### Goal of the exercise
A word-for-word copy of the data, pictures excluded, is what this task asks for.

### Recorded data
********

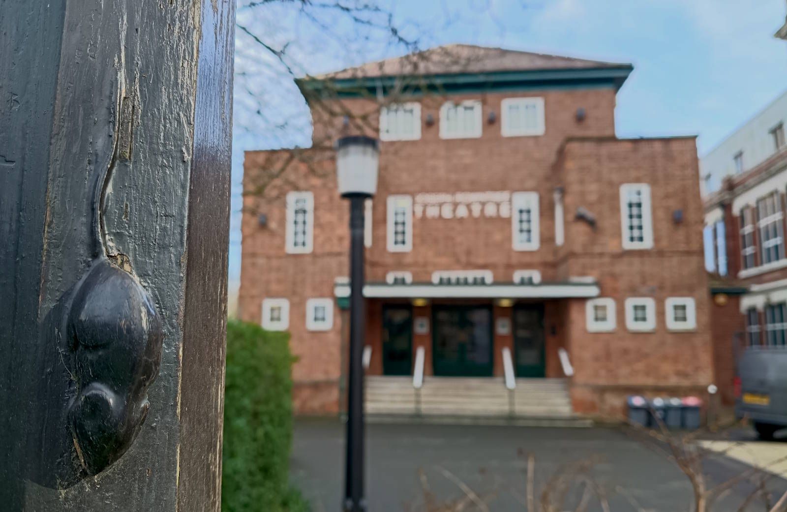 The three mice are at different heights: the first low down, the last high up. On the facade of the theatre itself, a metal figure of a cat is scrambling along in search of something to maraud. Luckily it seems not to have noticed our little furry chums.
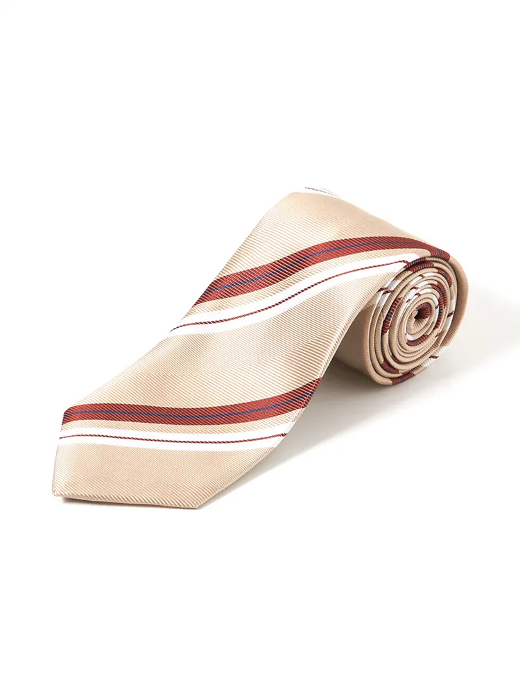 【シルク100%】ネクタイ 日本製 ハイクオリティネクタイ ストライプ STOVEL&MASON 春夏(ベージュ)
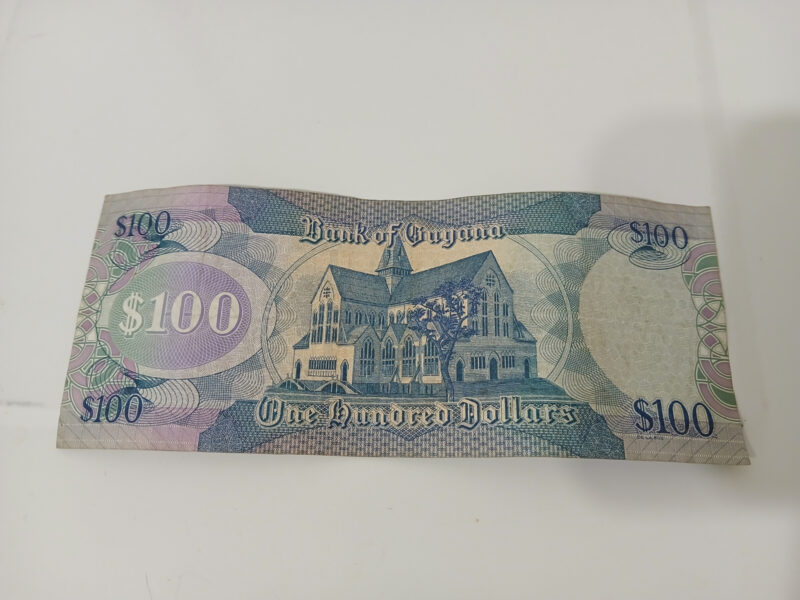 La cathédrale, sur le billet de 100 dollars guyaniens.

********

### Response box
 The three mice are at different heights: the first low down, the last high up. On the facade of the theatre itself, a metal figure of a cat is scrambling along in search of something to maraud. Luckily it seems not to have noticed our little furry chums.
 【シルク100%】ネクタイ 日本製 ハイクオリティネクタイ ストライプ STOVEL&MASON 春夏(ベージュ)
 La cathédrale, sur le billet de 100 dollars guyaniens.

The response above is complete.